A glancing blow above his eye had not opened the flesh, but had formed a blister of black blood as large as a walnut under the skin. It hung from Bazo's forehead like some bizarre bloodsucking leech, and still the blows hissed and cracked about him, thick as tropical rain, falling on his guard so that the shock was carried through arm and shoulder and jarred his head upon the thick black column of his neck.
Then another blow went through and the ivory flash of Bazo's teeth was dulled with a film of blood that snaked down from one nostril into his mouth, and another blow went through, on the line of his thigh, the swelling rising instantaneously, the skin stretched glossy and black, and almost crippled Bazo who was pinned by the injured leg, and Ralph was still attacking, instinctively swinging him against the bad leg so that Bazo was slow and clumsy in the turn, and again one of Ralph's sticks fluted and thumped into rubbery muscle and Bazo reeled and almost went down, recovering with an immense effort, his counter-stroke loose and lacking power, so that Ralph spurned it aside and used his point.

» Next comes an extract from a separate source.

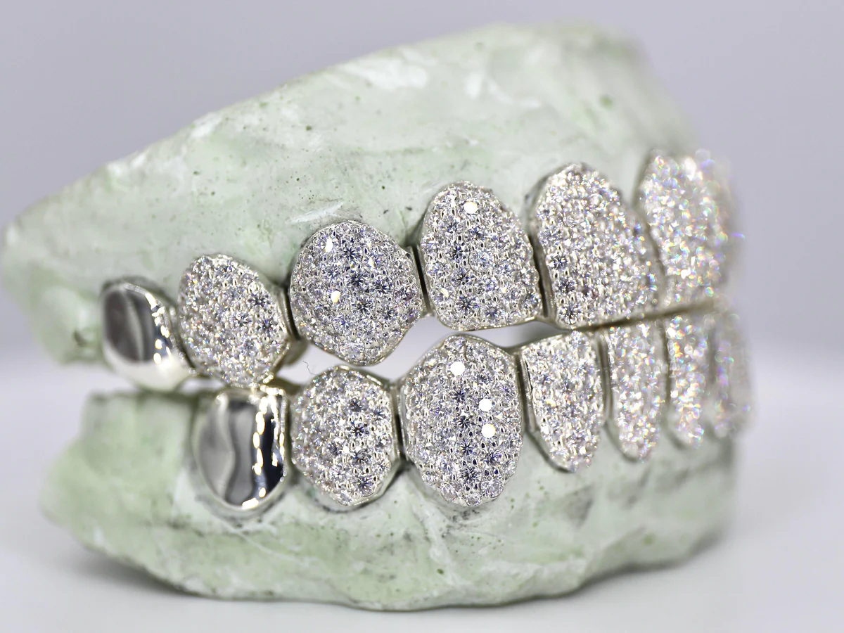 Custom Grillz Hand Set Moissanite Diamonds Top OR Bottom. These stunning pieces are a true work of art, featuring Moissanite diamonds of the finest quality and hand-set with the utmost attention to detail.

He drove the end of his right-hand kerrie through Bazo's guard, using it as though it were a sword rather than a club, and Bazo was not ready for it. With all Ralph's weight behind it, the kerrie tore into Bazo's belly muscles, up under the heavy ribcage, and the Matabele doubled over the blow, one kerrie flying from his hand the other dropping to dangle uselessly at his side.
He dropped on his knees, head bowed to expose the back of his neck, the knuckles of his spine standing out between the ridges of hard black muscle.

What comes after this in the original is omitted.